Encourage rather than simply praise

Word choice can be critical in trauma-informed instruction. Jody McVittie, a pediatrician who started Sound Discipline, based in Seattle, gives workshops for parents and teachers. She talks about the difference between praise and encouragement in a training called Building Resiliency. Instead of saying “Great Job,” which can trigger an emotional response but may not reinforce learning, a teacher or parent might say instead:

  • “I noticed that you wrote all of the letters of your name on the line and it was really easy to read.”
  • “I appreciate that you asked some insightful questions during our discussion about the Constitution today.”
  • “I know you can write a creative description of the book you read.”

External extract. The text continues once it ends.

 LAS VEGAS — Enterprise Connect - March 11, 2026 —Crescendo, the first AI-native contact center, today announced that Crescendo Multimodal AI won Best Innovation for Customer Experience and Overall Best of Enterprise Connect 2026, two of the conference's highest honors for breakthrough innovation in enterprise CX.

The more specific the encouragement, McVittie says, the more the student will be encouraged to keep working on that expected behavior. Another of McVittie’s key concepts is “connection before correction” to help teachers create helpful relationships with students. An example she uses in her trainings:

A teenaged student tossed a soda can from across the room during class. A trauma-trained teacher pointed to the hallway, and the boy joined her there. Instead of directing him to the office, the teacher explained that she really enjoyed having him in class. She said that he contributed valuable questions. Then she asked why he thought he was in the hallway. He said it was because he threw the soda can. She asked, “What’s your plan?” His answer included apologies and decision-making about how to avoid the mistake again.

This story certainly could have ended differently, and McVittie encourages educators and parents to avoid a “Dignity Double-Bind,” where children experience shame instead of problem-solving:

“Make the child think,” she says, “by showing respect instead of giving orders to obey.”

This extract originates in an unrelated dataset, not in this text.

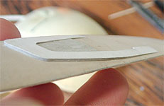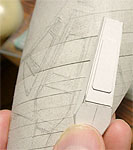 型紙を貼り付け、これをガイドに切り込みを入れます。

A Self-Regulation Strategy for Right Now

Sometimes grace starts with self-care. Following is a breathing practice you can use right now to help your nervous system regulate. If you prefer, you can watch a short video from PAVE that demonstrates this technique: Stop and Settle with Five-Fingers Breath.

You will be breathing evenly as you trace the outline of your hand, giving your eyes and your mind something to focus on while you control your breath.

  • Hold up one hand, with your palm facing you.
  • Place the first finger of your other hand onto the bottom of your thumb.
  • As you breathe in, slide your finger up to the top of your thumb.
  • Breathing out, slide your finger into the valley between your thumb and first finger.
  • Breathing in, slide up your first finger. Breathing out, slide down the other side.
  • Continue following your breath up and down all your fingers.
  • When you breathe out down the outside edge of your pinkie, continue to exhale until you reach your elbow.
  • Notice how you feel. Allow your breath to find a natural pattern.

Now that you’ve learned this technique, you can share it with other family members!